The book is at its most affecting when Kolker retraces the girls’ steps and their final days leading to the inevitable and the frightening. With the skill of John Berendt or Truman Capote, each murdered woman is brought to life as incredibly human, funny, sorrowful, and manic. And no matter what they chose to do with their bodies; or that many of them were searching for fame, or even love; the book is a powerful indictment that as a society, we tend to ignore those who we feel are on the margins of society. The book gives voices to those who are not deserving of such a fate. Who are we to judge?
I am so elated and frightened at the same time that I finished this book- no thriller can match the sheer terror that each chapter drips with; a final descent into hell and into the abyss. Of also how we need to catch this horrible person, or persons responsible for innocent lives lost- no matter what they did for a living. -
A very interesting murder mystery, poorly told.

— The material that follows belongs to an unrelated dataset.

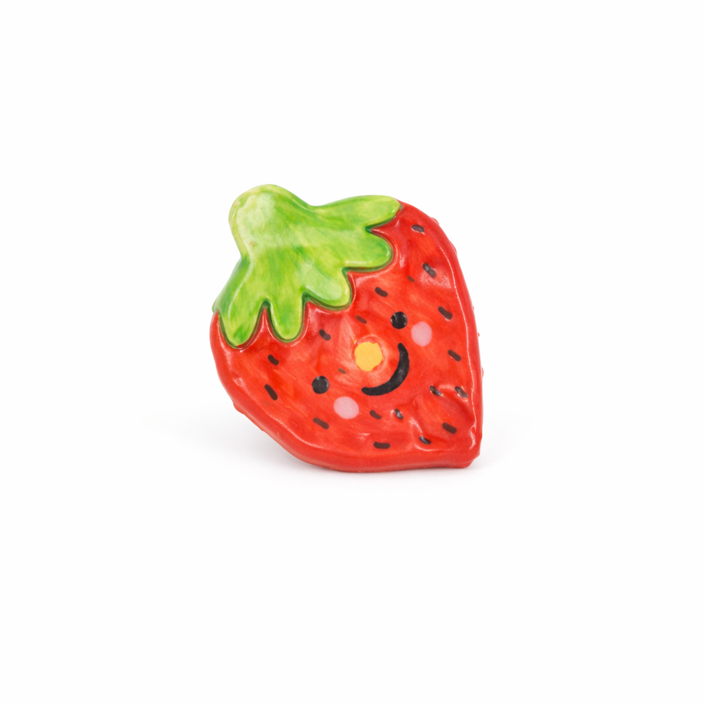 Este imán de refrigerador con forma de frutilla está hecho en cerámica artesanal y pintado a mano, destacando por su expresión simpática y colores vivos. Es una pieza pequeña pero llena de carácter, ideal para darle un toque alegre y cercano a tu refrigerador o cualquier superficie metálica.

Lost Girls is a true crime book focusing on a serial killer who murdered prostitutes and dumped their remains in a small area of Long Island. This book could have been much better, but Kolker did a reasonable job of telling the stories of the victims. He definitely elaborates on how prostitution operates in today's Internet-based world, and the risks that these young women faced as they worked.
Ultimately, though, the story is unsatisfying. First, it was quite hard to follow because there are so many characters, and oddly, many, many names starting with the letter "M". Turns out there is a terrific guide to who is who. On the last page of the book. ARGGHHHHHHH! Are you kidding me? I was dying for some kind of family tree or something, and there it is. After I read the whole dang thing. Realize I am being extra sensitive since I just tried to read A Suitable Boy - - a book where the family trees must be referenced like every 6 pages - - so I'm a little family tree'd out, but now realize that lots of family trees are certainly better than no family trees. I almost started drawing them myself. Sigh. Ok, rant over.
I didn't think Kolker really did a very good job of helping the reader understand the criminal investigation, and that's what made this read a lot less than it could have been.
A much, much better book to read in a similar vein is People Who Eat Darkness by Richard Lloyd Perry.